* RECORDED INFORMATION:
⟨
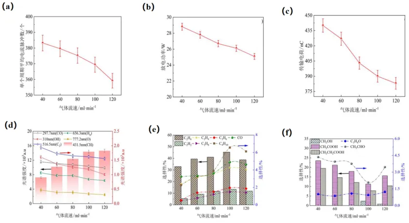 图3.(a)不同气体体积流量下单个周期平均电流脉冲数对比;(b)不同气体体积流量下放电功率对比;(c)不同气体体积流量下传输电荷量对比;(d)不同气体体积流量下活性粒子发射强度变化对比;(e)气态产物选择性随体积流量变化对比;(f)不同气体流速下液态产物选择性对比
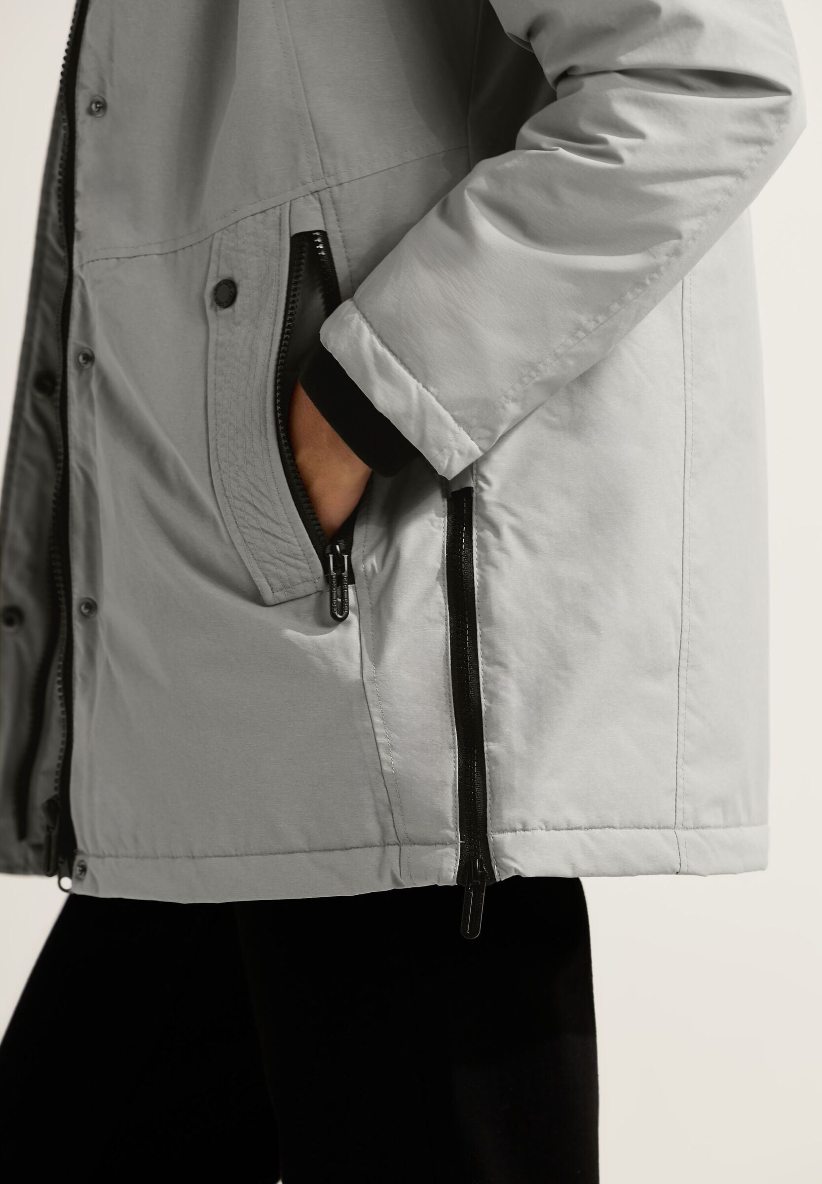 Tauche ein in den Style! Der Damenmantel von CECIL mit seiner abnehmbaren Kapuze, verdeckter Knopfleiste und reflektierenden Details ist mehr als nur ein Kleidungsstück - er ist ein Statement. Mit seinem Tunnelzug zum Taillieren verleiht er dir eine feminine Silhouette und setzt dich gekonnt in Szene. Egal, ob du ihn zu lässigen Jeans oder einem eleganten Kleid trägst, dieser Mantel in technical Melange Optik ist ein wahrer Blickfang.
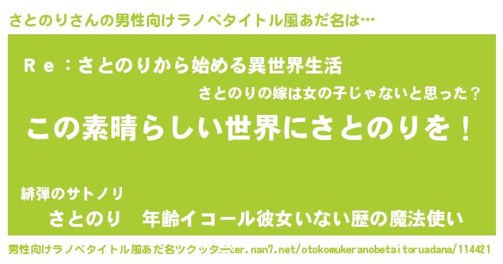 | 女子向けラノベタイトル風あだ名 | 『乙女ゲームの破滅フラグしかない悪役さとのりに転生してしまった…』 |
⟩
* PROBLEM:
Each line above should be written out again unchanged; no images are to be carried over.

* WRITTEN SOLUTION:
 图3.(a)不同气体体积流量下单个周期平均电流脉冲数对比;(b)不同气体体积流量下放电功率对比;(c)不同气体体积流量下传输电荷量对比;(d)不同气体体积流量下活性粒子发射强度变化对比;(e)气态产物选择性随体积流量变化对比;(f)不同气体流速下液态产物选择性对比
 Tauche ein in den Style! Der Damenmantel von CECIL mit seiner abnehmbaren Kapuze, verdeckter Knopfleiste und reflektierenden Details ist mehr als nur ein Kleidungsstück - er ist ein Statement. Mit seinem Tunnelzug zum Taillieren verleiht er dir eine feminine Silhouette und setzt dich gekonnt in Szene. Egal, ob du ihn zu lässigen Jeans oder einem eleganten Kleid trägst, dieser Mantel in technical Melange Optik ist ein wahrer Blickfang.
 | 女子向けラノベタイトル風あだ名 | 『乙女ゲームの破滅フラグしかない悪役さとのりに転生してしまった…』 |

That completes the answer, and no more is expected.